### [TASK DIRECTIONS]
Nothing but the lines from the one holding "In the equation, is" to the final line of the listing below, both included, should be repeated, and each must match exactly. Omit pictures.

### [DATA EXTRACT]
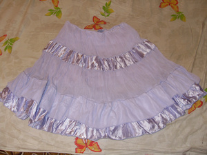 1. Юбка Gloria Jeans. Лёгкая, лавандового цвета. Материал - шифон с шёлком. Состояние отл. На резинке. Длина 45 см. Размер 42-44. Цена 500 р.
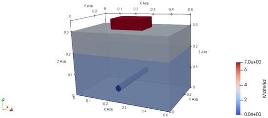 In the equation, is the relative permittivity at infinite frequency, is the relative permittivity at zero frequency, is the relaxation time, is the conductivity, is the angular frequency, , and is the permittivity of free space. Due to the complex geometric structure of the detection scene, the same model with unified parameters was constructed in the GPRMAX (v3.1.7) software based on the FDTD principle, and the simulated time-domain waveform was compared and analyzed. This method can not only reduce the error caused by model differences, but also improve the reliability of the results, and further verify the results of FDTD.
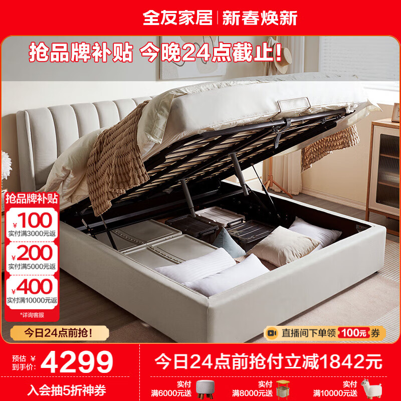 全友家居 床现代简约科技布床双人床卧室储物高箱床1.8米家具105207C价格:6141.43元!

### [SOLUTION FOR THIS EXERCISE]
 In the equation, is the relative permittivity at infinite frequency, is the relative permittivity at zero frequency, is the relaxation time, is the conductivity, is the angular frequency, , and is the permittivity of free space. Due to the complex geometric structure of the detection scene, the same model with unified parameters was constructed in the GPRMAX (v3.1.7) software based on the FDTD principle, and the simulated time-domain waveform was compared and analyzed. This method can not only reduce the error caused by model differences, but also improve the reliability of the results, and further verify the results of FDTD.
 全友家居 床现代简约科技布床双人床卧室储物高箱床1.8米家具105207C价格:6141.43元!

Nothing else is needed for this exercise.